→ **Given information**
***

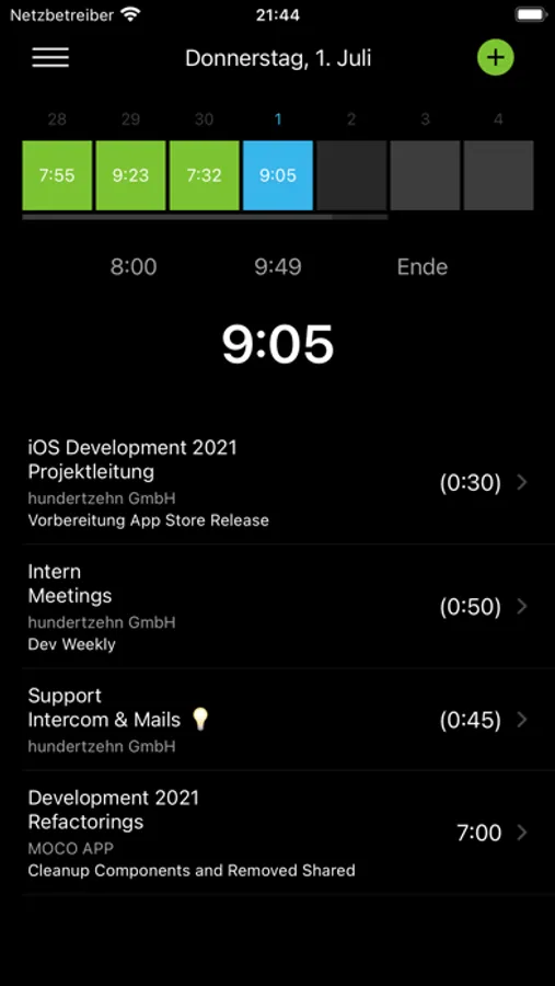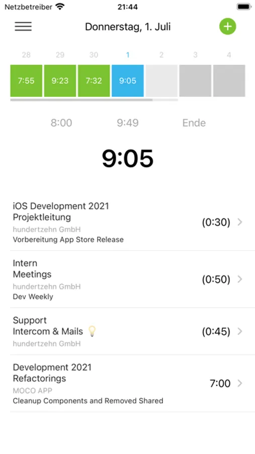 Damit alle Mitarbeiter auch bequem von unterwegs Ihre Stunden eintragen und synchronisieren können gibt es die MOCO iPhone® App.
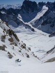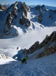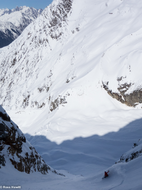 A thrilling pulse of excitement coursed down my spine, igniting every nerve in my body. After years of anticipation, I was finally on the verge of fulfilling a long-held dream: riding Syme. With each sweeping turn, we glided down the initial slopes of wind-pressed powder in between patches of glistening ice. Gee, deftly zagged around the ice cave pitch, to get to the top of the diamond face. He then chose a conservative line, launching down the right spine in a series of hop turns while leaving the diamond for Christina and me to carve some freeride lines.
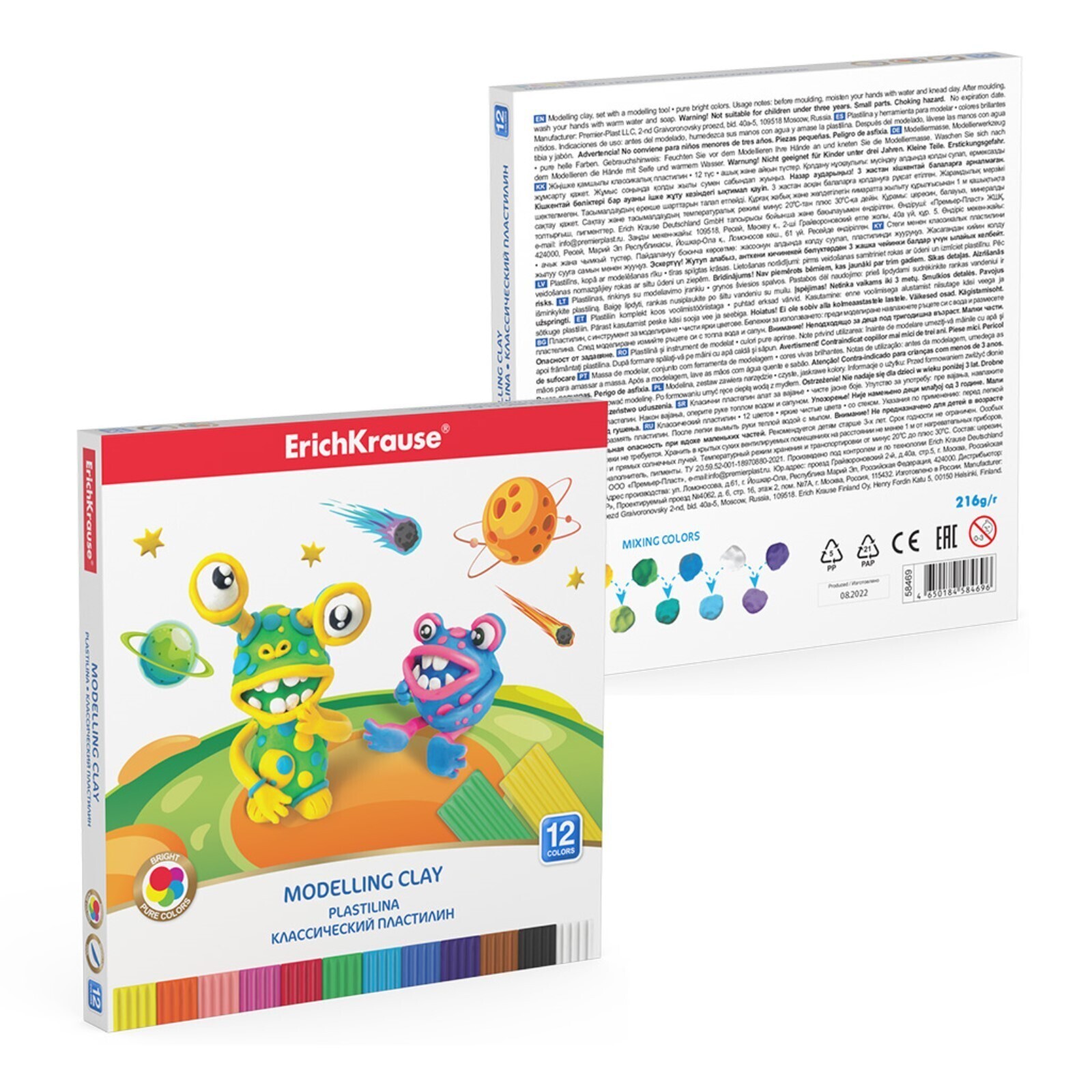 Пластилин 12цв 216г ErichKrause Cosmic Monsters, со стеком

***

→ **Exercise**
Give every line above again exactly, omitting whatever pictures appear.

→ **Expected output**
 Damit alle Mitarbeiter auch bequem von unterwegs Ihre Stunden eintragen und synchronisieren können gibt es die MOCO iPhone® App.
 A thrilling pulse of excitement coursed down my spine, igniting every nerve in my body. After years of anticipation, I was finally on the verge of fulfilling a long-held dream: riding Syme. With each sweeping turn, we glided down the initial slopes of wind-pressed powder in between patches of glistening ice. Gee, deftly zagged around the ice cave pitch, to get to the top of the diamond face. He then chose a conservative line, launching down the right spine in a series of hop turns while leaving the diamond for Christina and me to carve some freeride lines.
 Пластилин 12цв 216г ErichKrause Cosmic Monsters, со стеком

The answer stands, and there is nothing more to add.